**Directions for this task:** Once you find the line with "Emil Christofano led" in the data below, transcribe exactly each line from there to the line with "Kệ xoong nồi chén dĩa inox", inclusive, and nothing else. Drop the pictures.

**Available data:**
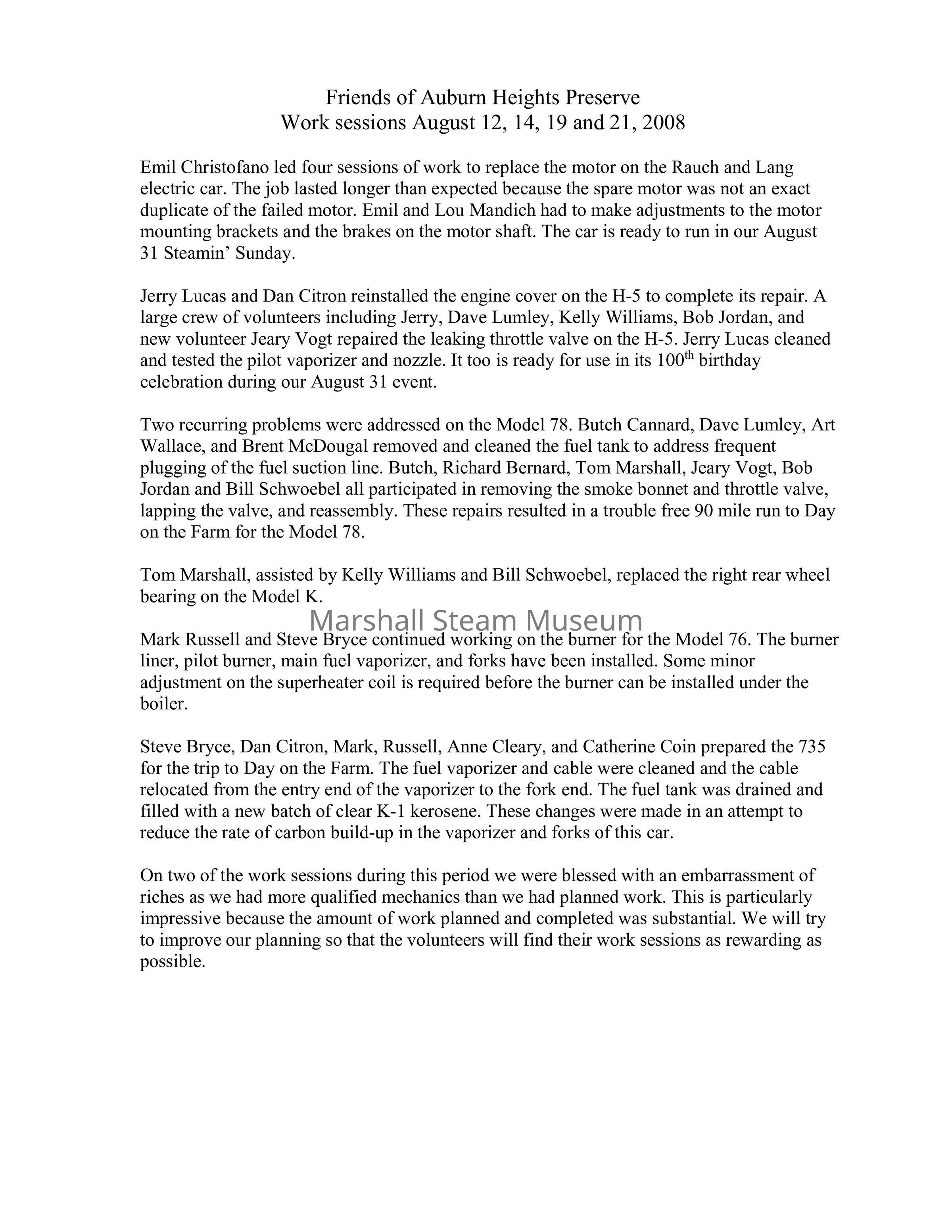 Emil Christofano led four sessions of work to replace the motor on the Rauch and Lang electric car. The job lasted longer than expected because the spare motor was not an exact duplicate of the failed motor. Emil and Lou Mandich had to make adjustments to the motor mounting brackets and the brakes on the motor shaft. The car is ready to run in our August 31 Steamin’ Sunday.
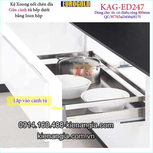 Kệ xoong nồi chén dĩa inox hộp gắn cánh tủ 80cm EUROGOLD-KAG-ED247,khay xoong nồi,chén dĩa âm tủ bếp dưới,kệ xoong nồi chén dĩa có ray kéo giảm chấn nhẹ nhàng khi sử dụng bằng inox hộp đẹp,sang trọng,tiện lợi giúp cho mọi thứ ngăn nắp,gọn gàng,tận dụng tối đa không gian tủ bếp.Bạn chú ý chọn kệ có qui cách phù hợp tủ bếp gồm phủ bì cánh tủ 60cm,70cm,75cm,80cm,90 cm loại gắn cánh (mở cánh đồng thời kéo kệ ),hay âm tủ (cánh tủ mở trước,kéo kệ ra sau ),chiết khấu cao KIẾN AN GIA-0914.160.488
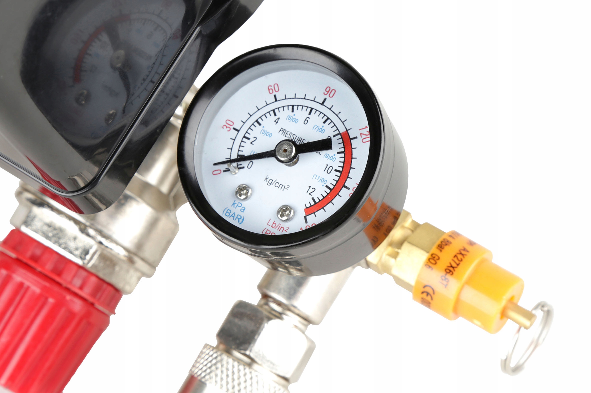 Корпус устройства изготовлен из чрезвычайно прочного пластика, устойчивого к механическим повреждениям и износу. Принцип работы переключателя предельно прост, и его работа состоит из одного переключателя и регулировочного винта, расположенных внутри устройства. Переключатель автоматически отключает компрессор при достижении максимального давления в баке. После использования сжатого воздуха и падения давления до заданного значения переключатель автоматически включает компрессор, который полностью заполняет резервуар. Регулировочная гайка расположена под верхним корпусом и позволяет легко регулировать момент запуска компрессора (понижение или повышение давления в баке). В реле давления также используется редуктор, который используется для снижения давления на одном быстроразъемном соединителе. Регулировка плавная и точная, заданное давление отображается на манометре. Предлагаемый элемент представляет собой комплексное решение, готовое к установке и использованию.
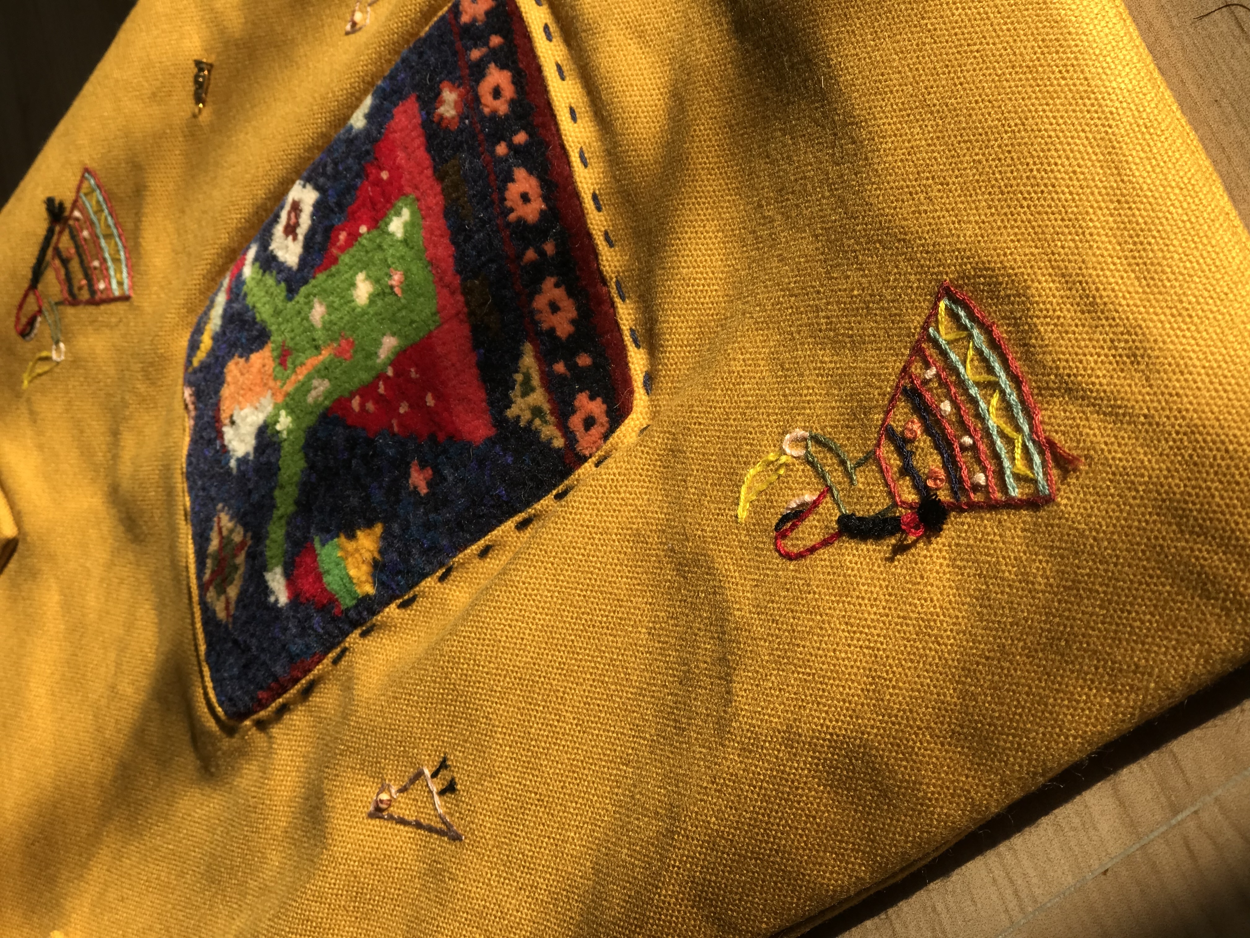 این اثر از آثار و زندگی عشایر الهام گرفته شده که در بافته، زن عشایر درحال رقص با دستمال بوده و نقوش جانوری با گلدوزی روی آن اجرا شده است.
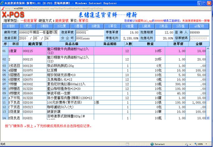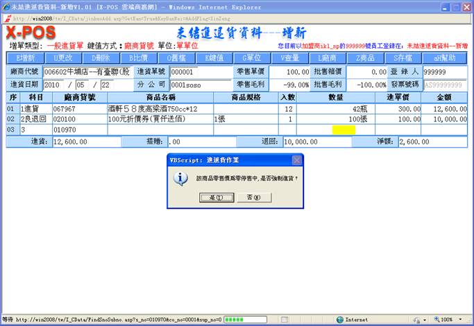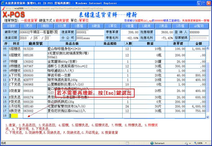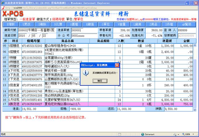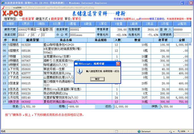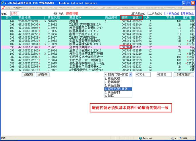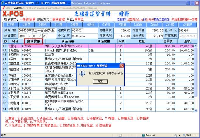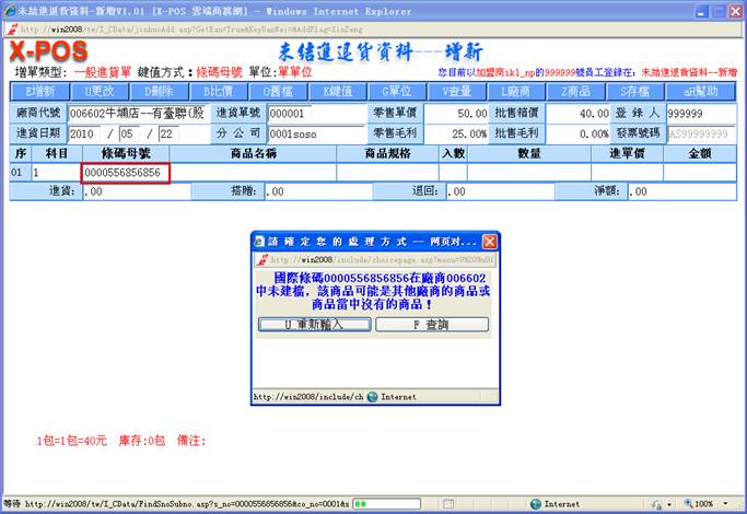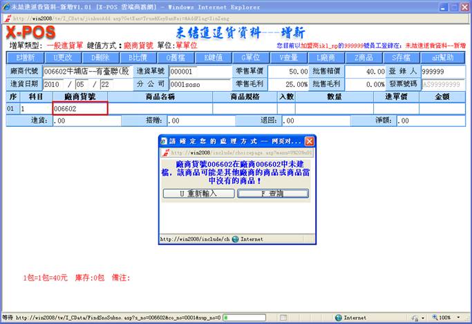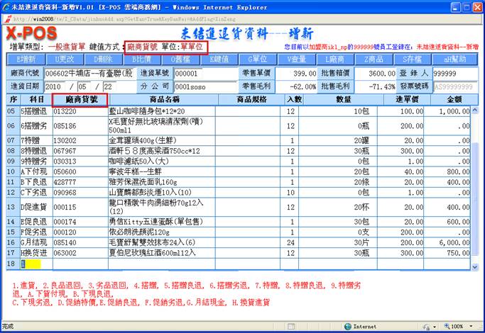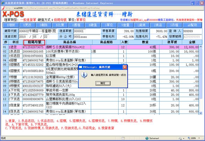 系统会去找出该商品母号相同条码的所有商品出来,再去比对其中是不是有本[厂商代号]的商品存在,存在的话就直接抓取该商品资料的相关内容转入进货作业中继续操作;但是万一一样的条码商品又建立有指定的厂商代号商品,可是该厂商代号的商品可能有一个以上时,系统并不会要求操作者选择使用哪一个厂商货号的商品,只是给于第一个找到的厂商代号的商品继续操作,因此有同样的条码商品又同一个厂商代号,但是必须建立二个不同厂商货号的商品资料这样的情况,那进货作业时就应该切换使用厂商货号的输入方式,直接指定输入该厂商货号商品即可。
==
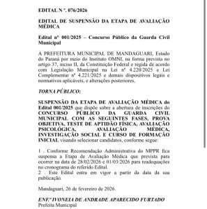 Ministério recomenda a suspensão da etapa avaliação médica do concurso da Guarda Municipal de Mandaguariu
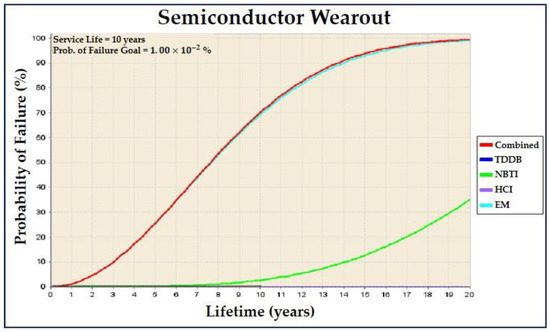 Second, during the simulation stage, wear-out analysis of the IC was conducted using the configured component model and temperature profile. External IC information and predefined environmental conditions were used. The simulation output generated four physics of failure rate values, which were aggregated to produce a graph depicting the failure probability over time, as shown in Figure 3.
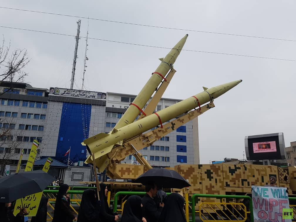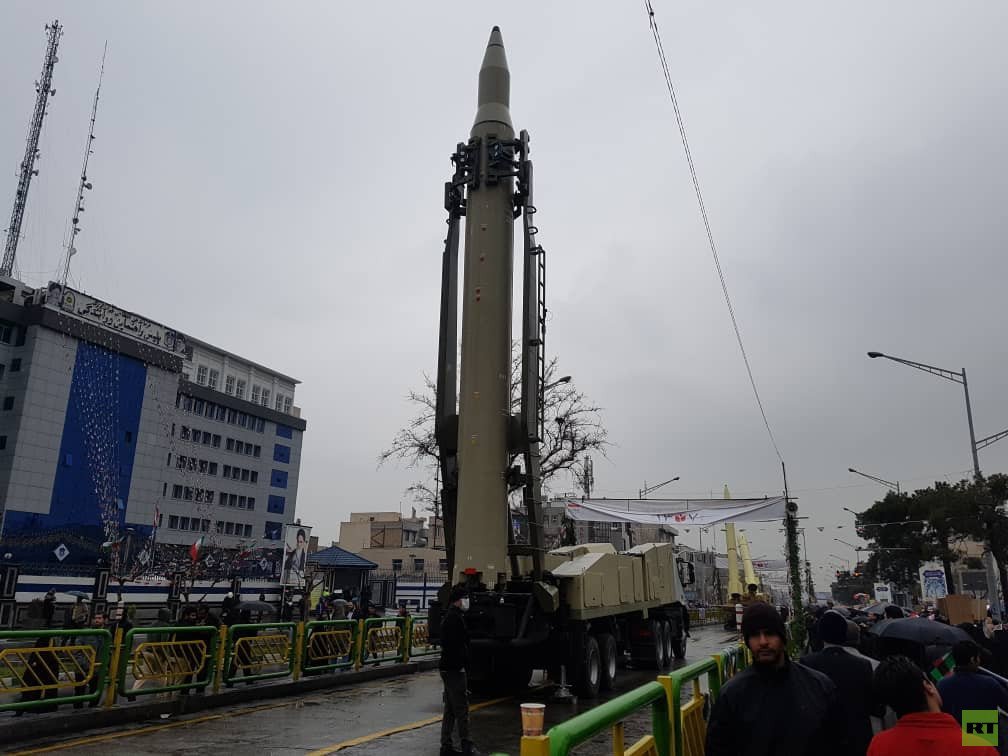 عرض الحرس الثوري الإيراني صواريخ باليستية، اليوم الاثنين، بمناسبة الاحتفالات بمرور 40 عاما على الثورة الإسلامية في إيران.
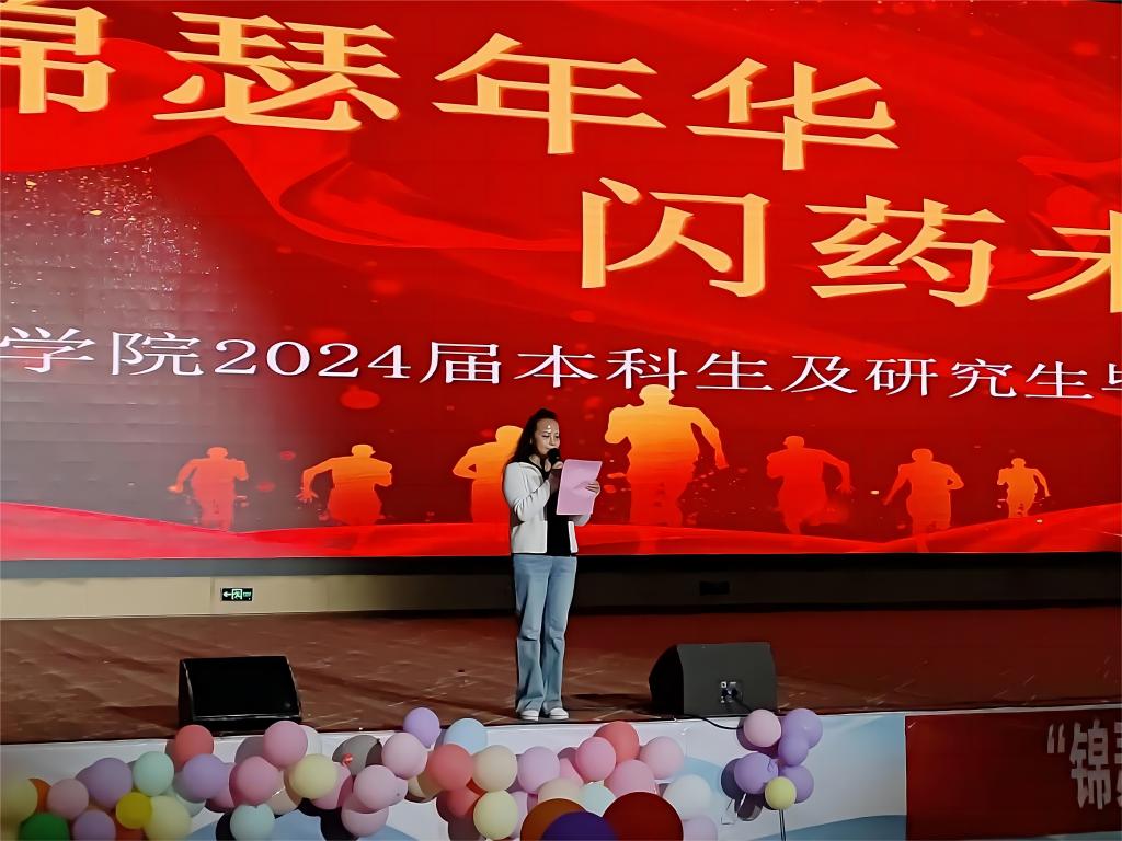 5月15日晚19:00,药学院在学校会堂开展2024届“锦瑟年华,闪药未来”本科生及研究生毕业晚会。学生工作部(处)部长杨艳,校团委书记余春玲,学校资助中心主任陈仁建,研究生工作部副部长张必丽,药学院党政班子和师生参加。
...
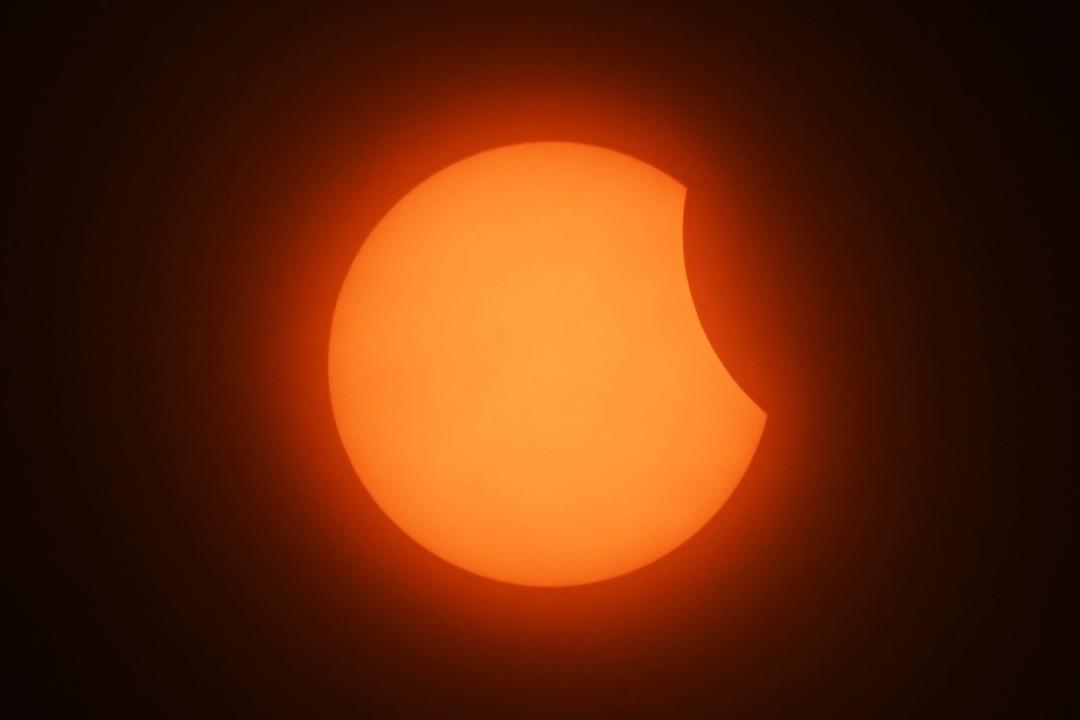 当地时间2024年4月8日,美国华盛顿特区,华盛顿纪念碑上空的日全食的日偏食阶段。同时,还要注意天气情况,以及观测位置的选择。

**Exercise response:**
 Emil Christofano led four sessions of work to replace the motor on the Rauch and Lang electric car. The job lasted longer than expected because the spare motor was not an exact duplicate of the failed motor. Emil and Lou Mandich had to make adjustments to the motor mounting brackets and the brakes on the motor shaft. The car is ready to run in our August 31 Steamin’ Sunday.
 Kệ xoong nồi chén dĩa inox hộp gắn cánh tủ 80cm EUROGOLD-KAG-ED247,khay xoong nồi,chén dĩa âm tủ bếp dưới,kệ xoong nồi chén dĩa có ray kéo giảm chấn nhẹ nhàng khi sử dụng bằng inox hộp đẹp,sang trọng,tiện lợi giúp cho mọi thứ ngăn nắp,gọn gàng,tận dụng tối đa không gian tủ bếp.Bạn chú ý chọn kệ có qui cách phù hợp tủ bếp gồm phủ bì cánh tủ 60cm,70cm,75cm,80cm,90 cm loại gắn cánh (mở cánh đồng thời kéo kệ ),hay âm tủ (cánh tủ mở trước,kéo kệ ra sau ),chiết khấu cao KIẾN AN GIA-0914.160.488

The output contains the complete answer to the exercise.